Menargetkan ilmuwan secara sengaja dengan cara ini bertujuan mengganggu basis pengetahuan dan kesinambungan keahlian nuklir Iran. Di antara yang dibunuh adalah Mohammad Mehdi Tehranchi, fisikawan teoritis dan kepala Universitas Islam Azad Iran, serta Fereydoun Abbasi-Davani, insinyur nuklir yang memimpin Organisasi Energi Atom Iran.
Secara kolektif, para ahli fisika dan teknik ini adalah calon penerus Mohsen Fakhrizadeh, yang dianggap sebagai arsitek program nuklir Iran dan dibunuh dalam serangan November 2020 yang banyak dikaitkan dengan Israel.
Sebagai dua ahli politik yang menulis buku tentang targetisasi ilmuwan sebagai alat kontraproliferasi, kami memahami betul bahwa ilmuwan nuklir telah menjadi target sejak era nuklir dimulai. Kami mengumpulkan data hampir 100 kasus “targetisasi ilmuwan” dari 1944 hingga 2025.

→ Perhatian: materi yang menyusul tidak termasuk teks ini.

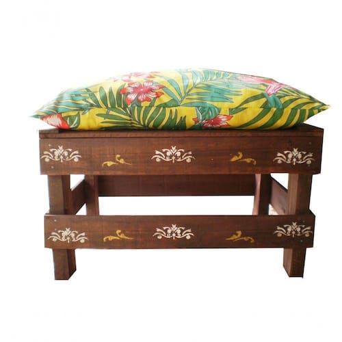 Lindo banquinho, feito de madeira maciça de reflorestamento ou reaproveitada (pallet), com acabamento envelhecido em tom canela e decorado artesanalmente.Reforçado, é entregue montado!!Acompanha Almofada floral Decoração Sustentável: Ajude a preservar a Natureza!!!

Kampanye pembunuhan terbaru terhadap ilmuwan Iran berbeda dari episode sebelumnya dalam beberapa hal kunci. Serangan Israel baru-baru ini menargetkan banyak pakar nuklir secara bersamaan dengan kekuatan militer untuk menghancurkan fasilitas nuklir, pertahanan udara, dan infrastruktur energi Iran. Tidak seperti operasi rahasia sebelumnya, Israel langsung mengaku bertanggung jawab atas pembunuhan tersebut.

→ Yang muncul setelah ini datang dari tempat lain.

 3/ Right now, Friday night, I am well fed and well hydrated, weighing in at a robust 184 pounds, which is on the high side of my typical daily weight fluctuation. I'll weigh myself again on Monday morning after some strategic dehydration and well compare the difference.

Namun penelitian kami menunjukkan bahwa menargetkan ilmuwan mungkin tidak efektif untuk kontraproliferasi. Meski menghilangkan keahlian individu dapat menunda penguasaan nuklir, targetisasi saja tidak mungkin menghancurkan program sepenuhnya dan malah bisa meningkatkan keinginan negara untuk memiliki senjata nuklir. Lebih lanjut, targetisasi ilmuwan dapat memicu dampak negatif mengingat kekhawatiran tentang legalitas dan moralitas.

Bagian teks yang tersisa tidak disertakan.